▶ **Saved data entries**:
● ● ●

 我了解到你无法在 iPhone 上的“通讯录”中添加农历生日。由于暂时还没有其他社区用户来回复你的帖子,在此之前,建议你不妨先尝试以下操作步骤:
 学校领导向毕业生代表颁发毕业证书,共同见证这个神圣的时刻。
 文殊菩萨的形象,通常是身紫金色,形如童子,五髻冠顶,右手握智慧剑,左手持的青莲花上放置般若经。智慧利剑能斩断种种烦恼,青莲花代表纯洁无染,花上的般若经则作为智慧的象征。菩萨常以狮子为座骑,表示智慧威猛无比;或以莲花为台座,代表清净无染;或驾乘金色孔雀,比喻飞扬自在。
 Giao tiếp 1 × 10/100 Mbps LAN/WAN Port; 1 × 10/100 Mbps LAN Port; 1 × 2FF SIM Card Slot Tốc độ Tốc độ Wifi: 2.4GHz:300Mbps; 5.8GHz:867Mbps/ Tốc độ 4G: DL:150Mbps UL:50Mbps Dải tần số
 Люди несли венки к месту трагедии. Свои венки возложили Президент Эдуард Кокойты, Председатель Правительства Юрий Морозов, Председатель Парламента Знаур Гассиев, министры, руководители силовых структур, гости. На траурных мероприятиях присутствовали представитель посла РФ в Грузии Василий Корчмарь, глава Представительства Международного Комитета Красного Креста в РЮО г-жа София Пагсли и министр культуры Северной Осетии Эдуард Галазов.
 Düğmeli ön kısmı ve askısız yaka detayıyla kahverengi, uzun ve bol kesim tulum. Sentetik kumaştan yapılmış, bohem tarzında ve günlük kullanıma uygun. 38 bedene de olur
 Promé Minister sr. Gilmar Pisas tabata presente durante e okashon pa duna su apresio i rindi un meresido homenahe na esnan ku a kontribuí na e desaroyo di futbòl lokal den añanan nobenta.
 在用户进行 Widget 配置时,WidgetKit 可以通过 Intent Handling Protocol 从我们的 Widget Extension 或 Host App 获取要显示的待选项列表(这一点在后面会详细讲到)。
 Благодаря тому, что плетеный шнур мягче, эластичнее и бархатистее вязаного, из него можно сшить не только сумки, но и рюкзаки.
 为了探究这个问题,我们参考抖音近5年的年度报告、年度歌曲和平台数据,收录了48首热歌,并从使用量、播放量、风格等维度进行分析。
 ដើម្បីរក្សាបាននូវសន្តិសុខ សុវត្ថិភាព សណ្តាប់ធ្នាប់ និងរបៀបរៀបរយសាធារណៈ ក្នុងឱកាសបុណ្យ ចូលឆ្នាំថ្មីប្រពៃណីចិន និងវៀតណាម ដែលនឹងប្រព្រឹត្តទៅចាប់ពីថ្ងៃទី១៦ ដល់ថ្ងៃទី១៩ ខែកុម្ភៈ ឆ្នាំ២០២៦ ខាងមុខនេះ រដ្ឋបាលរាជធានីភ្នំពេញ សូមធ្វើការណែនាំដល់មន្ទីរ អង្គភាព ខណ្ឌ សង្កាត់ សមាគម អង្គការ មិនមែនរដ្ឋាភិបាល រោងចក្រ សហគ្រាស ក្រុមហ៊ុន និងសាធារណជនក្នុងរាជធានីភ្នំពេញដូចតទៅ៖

● ● ●

▶ **Exercise brief**:
Beginning with the line that contains "在用户进行 Widget 配置时,WidgetKit", restate word for word each line through the last one in the data, and write nothing more.

▶ **Answer to the problem**:
 在用户进行 Widget 配置时,WidgetKit 可以通过 Intent Handling Protocol 从我们的 Widget Extension 或 Host App 获取要显示的待选项列表(这一点在后面会详细讲到)。
 Благодаря тому, что плетеный шнур мягче, эластичнее и бархатистее вязаного, из него можно сшить не только сумки, но и рюкзаки.
 为了探究这个问题,我们参考抖音近5年的年度报告、年度歌曲和平台数据,收录了48首热歌,并从使用量、播放量、风格等维度进行分析。
 ដើម្បីរក្សាបាននូវសន្តិសុខ សុវត្ថិភាព សណ្តាប់ធ្នាប់ និងរបៀបរៀបរយសាធារណៈ ក្នុងឱកាសបុណ្យ ចូលឆ្នាំថ្មីប្រពៃណីចិន និងវៀតណាម ដែលនឹងប្រព្រឹត្តទៅចាប់ពីថ្ងៃទី១៦ ដល់ថ្ងៃទី១៩ ខែកុម្ភៈ ឆ្នាំ២០២៦ ខាងមុខនេះ រដ្ឋបាលរាជធានីភ្នំពេញ សូមធ្វើការណែនាំដល់មន្ទីរ អង្គភាព ខណ្ឌ សង្កាត់ សមាគម អង្គការ មិនមែនរដ្ឋាភិបាល រោងចក្រ សហគ្រាស ក្រុមហ៊ុន និងសាធារណជនក្នុងរាជធានីភ្នំពេញដូចតទៅ៖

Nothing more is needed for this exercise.